Lamin sequences have been obtained for representatives of all four rotiferan clades, namely for eight bdelloids (Flot et al. 2013; Eyres et al. 2015), eight monogononts (Hanson et al. 2013; Lee et al. 2015; Gribble and Welch 2017; Kang et al. 2020; Kim et al. 2021), two acanthocephalans (Struck et al. 2014; Mauer et al. 2020), and for Seison nebaliae (Mauer et al. 2021) (Supplementary Table S1). None of these lamins carries a CaaX motif. Moreover, the C-terminal sequences differ markedly between individual rotiferan groups. The genome of bdelloid Adineta vaga is tetraploid; its structure is incompatible with conventional meiosis (Flot et al. 2013). The Adineta genome contains four lamin genes, reflecting its tetraploid state. Two of the four genes are almost identical to each other. Of note, all four lamins possess an LTD but all lack a CaaX motif (Table 2). We obtained transcriptomic and genomic sequence information for two additional Adineta species and five bdelloid species of other genera. C-termini of bdelloid lamins are characterized by a high proportion of aliphatic amino acid residues (40–50%), but lack aromatic residues (Table 2). C-termini of monogonont lamins, in contrast are rich in aromatic residues (phenylalanine and tryptophan) (Table 2). While the proportion of aromatic residues in total lamin proteins averages about 5%, up to four out of the last 10 residues (10–40%) are aromatic in monogonont lamins (Table 2 and Supplementary Table S1). Moreover, with the exception of the Brachionus calyciflorus lamin, the C-termini are devoid of negatively charged residues. Pomphorhynchus laevis, an acanthocephalan, and the seisonid Seison nebaliae each express two very similar lamin proteins. In Seison, alternative splicing gives rise to a total of four protein variants, three of which differ in their C-termini. One of these variants carries the tetrapeptide sequence CSEE at its C-terminus. Despite the presence of the cysteine residue in an appropriate position, this sequence cannot serve as an isoprenylation substrate. This is because the farnesyltransferase cannot accommodate charged residues such as the glutamic acid residue in the X-position in its specificity pocket (Reid et al. 2004).

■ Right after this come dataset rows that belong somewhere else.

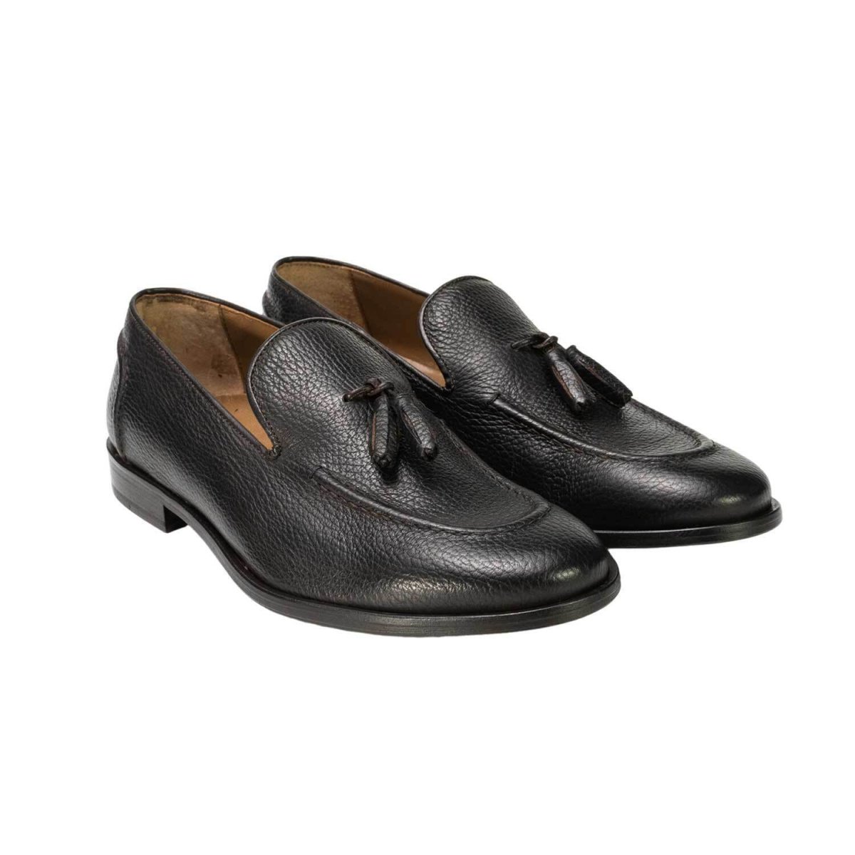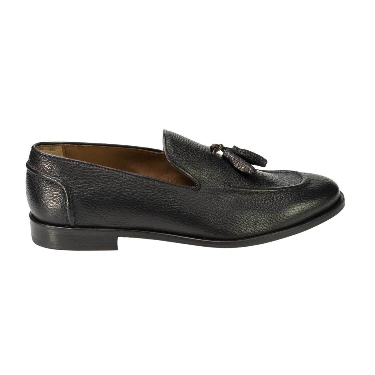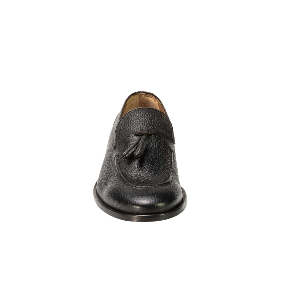 Cod. Fornitore: 1013-5 cod. art. 000291 Mocassino lavorato e tamponato artigianalmente, una volta trattato il pellame viene martellato per avere una texture unica e diversa. Presenta delle nappine che danno uno stile casual su una forma classica. La suola è in cuoio. Disponibile in testa di moro (TDM)
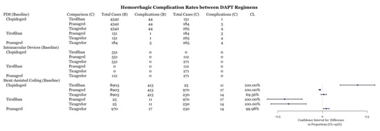 This meta-analysis demonstrates several important points. First, the comparison of individual DAPT regimens to each other for use with FDS demonstrated no difference in preventing ischemic or thrombotic complications (Figure 6). Thus, it may suggest that clopidogrel alternatives, including tirofiban, prasugrel, and ticagrelor, are as effective as clopidogrel at preventing thromboembolic complications. The SAC results demonstrate that ticagrelor was more effective at an 89% confidence level (Figure 6) at preventing ischemic and thrombotic complications than clopidogrel. Clopidogrel was more effective at reducing these complications at an 99.66% confidence level (Figure 6). However, the inclusion of zero in the confidence level indicates a low but statistically significant sample size, which necessitates further data collection. These results support the placement of patients that are hypo-responders to clopidogrel on ticagrelor or using intravenous tirofiban. Likewise, prasugrel was demonstrated to be more effective at preventing all complications in SAC compared to clopidogrel (Figure 3). Examination of the hemorrhagic complications demonstrates that prasugrel is more effective, and ticagrelor as effective, at preventing intracranial hemorrhagic complications with SAC than clopidogrel (Figure 4). Alternatively, clopidogrel was shown to be more effective at preventing intracranial hemorrhagic complications in comparison to tirofiban when used with SAC (Figure 4). While the risk and extent of intracranial bleeding in the management of aneurysms increases with DAPT, more data are required to compare the effectiveness of various DAPT regimens in preventing intracranial hemorrhagic complications in FDS and intrasaccular devices. Randomized clinical trials are required to compare the effectiveness of various DAPT regimens against each other.
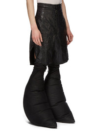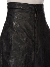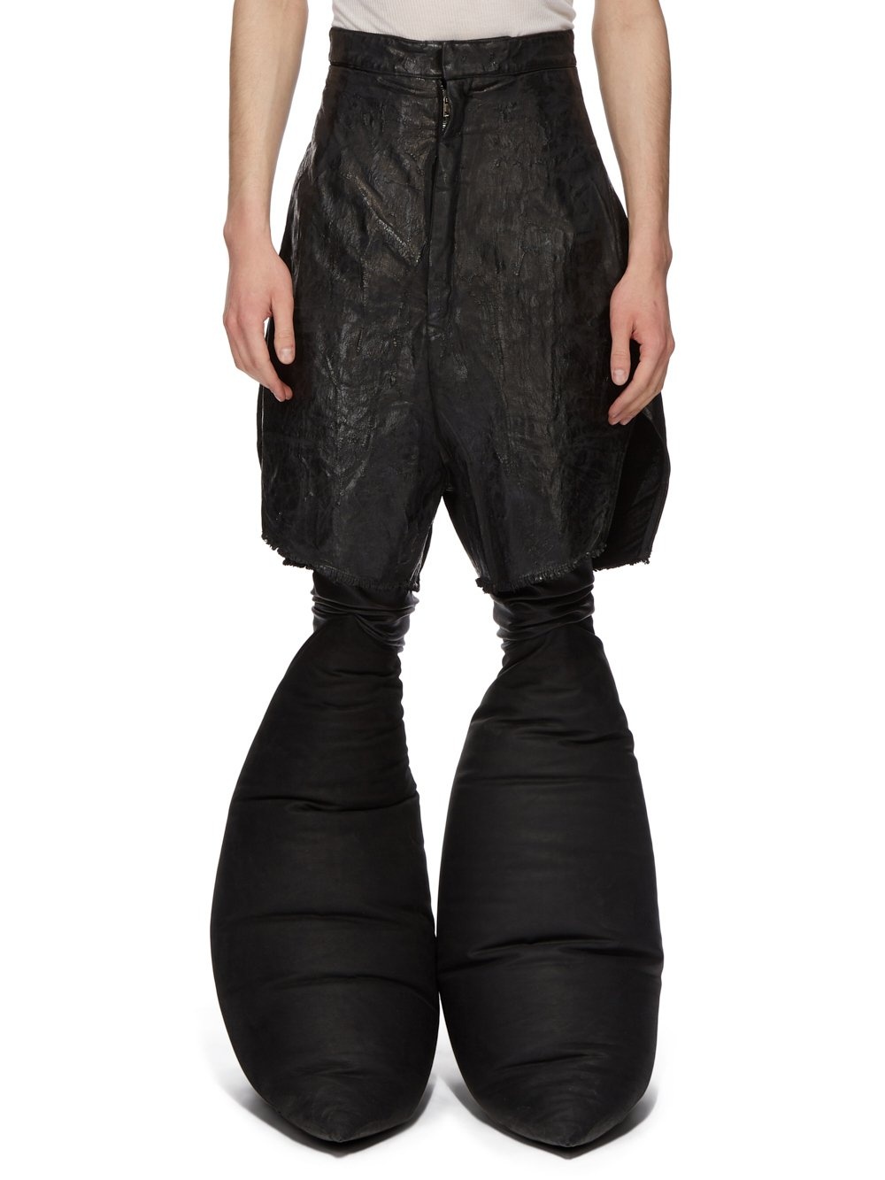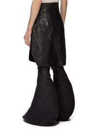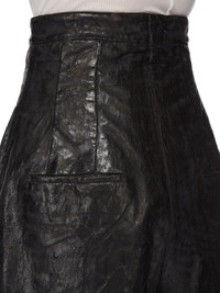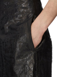 RICK OWENS FW24 PORTERVILLE RUNWAY PTRVILLE CUTOFFS IN BLACK 13OZ MEGACRUST TURBO DENIM THIS PORTERVILLE CUT-OFFS ARE MID-THIGH LENGTH, WITH AN EXTREME HIGH WAIST. THEY HAVE A TAILORED WAISTBAND WITH WRAP AND CONCEALED FLY, SIDE SEAM POCKETS, REAR JET POCKETS AND BEVELLED SPLITS IN THE HEM, AT THE SIDE SEAMS THIS HEAVYWEIGHT MEGACRUST TURBO DENIM IS MADE ON A 13OZ BLACK AND NATURAL JAPANESE DENIM. THE READY GARMENT IS OVERDYED BLACK AND TREATED WITH A WAX FINISH, THEN SEVERAL LAYERS OF BLACK FOIL IS PRESSED ON TOP AND A FINAL WASH MAKES THE FOIL PEEL AND CRACK. THE NATURAL ASPECTS OF THIS TREATMENT MEANS THE FOIL HAS PEELED OFF AND CRACKED IN CERTAIN AREAS AND WILL CONTINUE TO DO SO WITH WEAR AND ABRASION. THIS IS AN INHERENT CHARACTERISTIC OF THIS TYPE OF TREATMENT AND IS A DESIRED A VISUAL ASPECT WHICH ADDS TO THE UNIQUENESS OF EACH PIECE. - COLOR: BLACK - MATERIAL: 100% COTTON - POCKETS LINING 52% POLYESTER + 48% COTTON - BUTTONS 100% BUFFALO HORN - MODEL IS 189CM TALL - MODEL WEARS SIZE 48
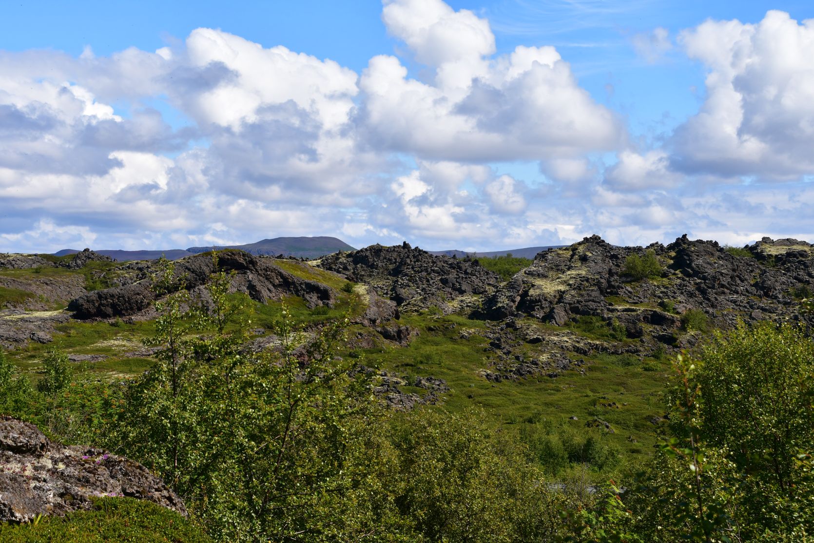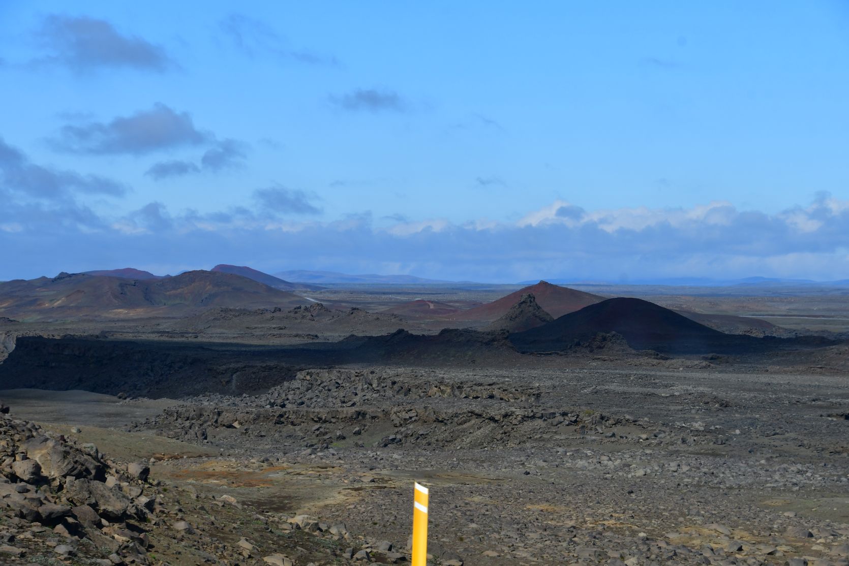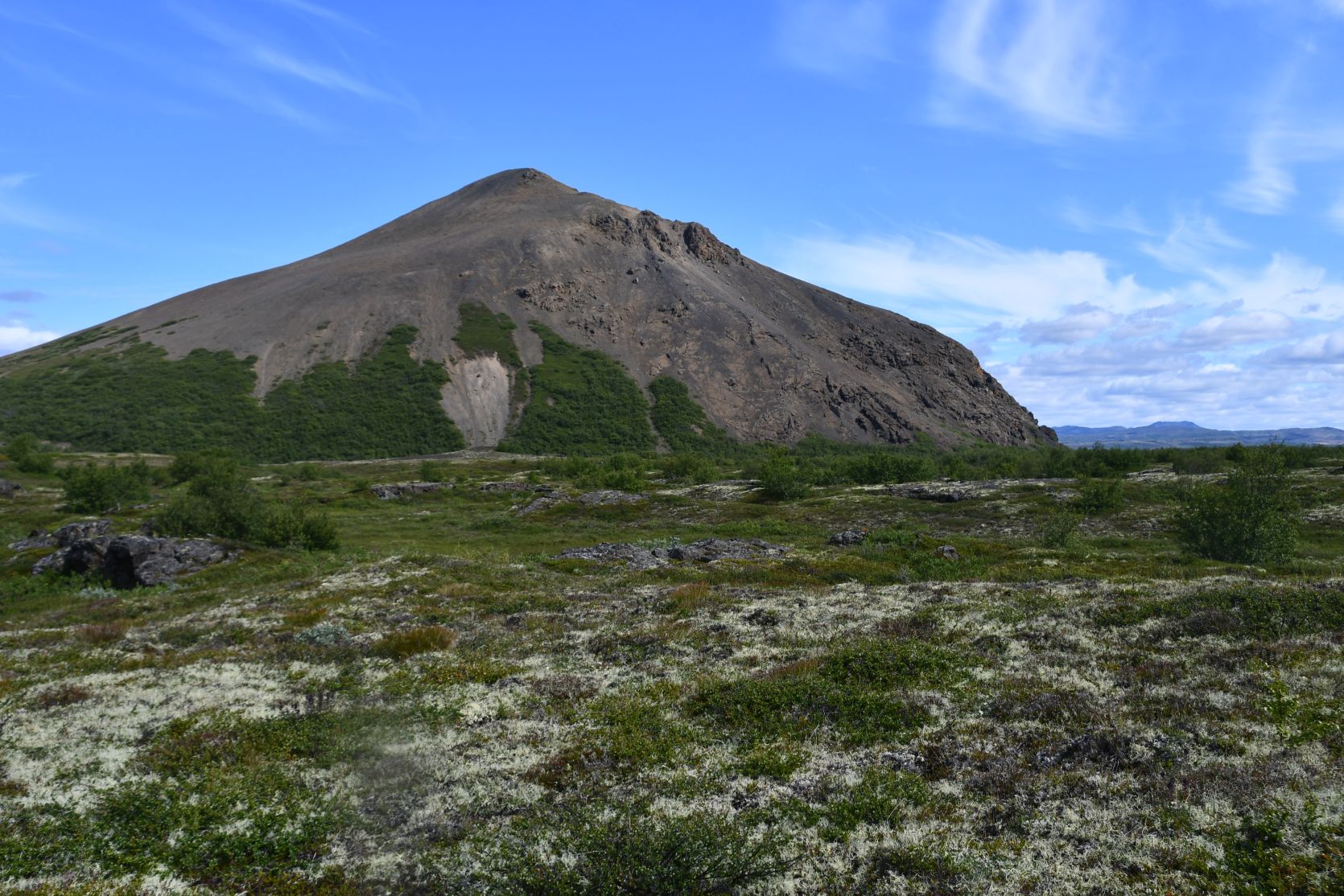 Lava ist allgegenwärtig. Der Hügel (unten rechts) ist der Vindbelgjarfjall, den wir vorher bestiegen hatten.

Table 2 Amino acid composition of Rotifera lamin C-termini

Mollusca with emphasis on Cephalopoda

The phylum Mollusca comprises eight classes, including very species rich classes with more than 10,000 species (Gastropoda, Bivalvia, and Cephalopoda), those with several hundred species (Polyplacophora, Scaphopoda, Solenogastres, Caudofoveata), and the Monoplacophora, for which only 32 species have been described to date (MolluscaBase (2020) (Fig. 2). The phylogenetic relationships among the eight clades have been largely clarified (Wanninger and Wollesen 2019; Kocot et al. 2020) (Fig. 2). Only the position of the Monoplacophora is still subject of debate. By morphological criteria they are considered a sister group to the rest of the Conchifera (Fig. 2), while phylogenomic analyses places them together with Cephalopoda (Kocot et al. 2020). Lamin sequences were obtained for representatives of all eight classes. But the number of species for which lamin sequences have been obtained varies greatly among the eight classes (Fig. 2). This depends, among other things, on the species richness of a group as well as on the sequencing depth, which in turn usually reflects the medical, economic or scientific importance of the respective group. The latter is especially the case when a species/clade holds a unique phylogenetic position.

Fig. 2
figure 2

Phylogenetic relationships of the 8 classes of Mollusca, modified after Kocot et al. (2020). CaaX or CaaX-less denotes the presence or absence of the C-terminal CaaX motif in lamin proteins of the respective classes. Species name of one representative for each class is given. The number of species for which lamin sequences were obtained is given in parentheses together with the total number of species of this class as listed in the MolluscaBase (MolluscaBase 2020)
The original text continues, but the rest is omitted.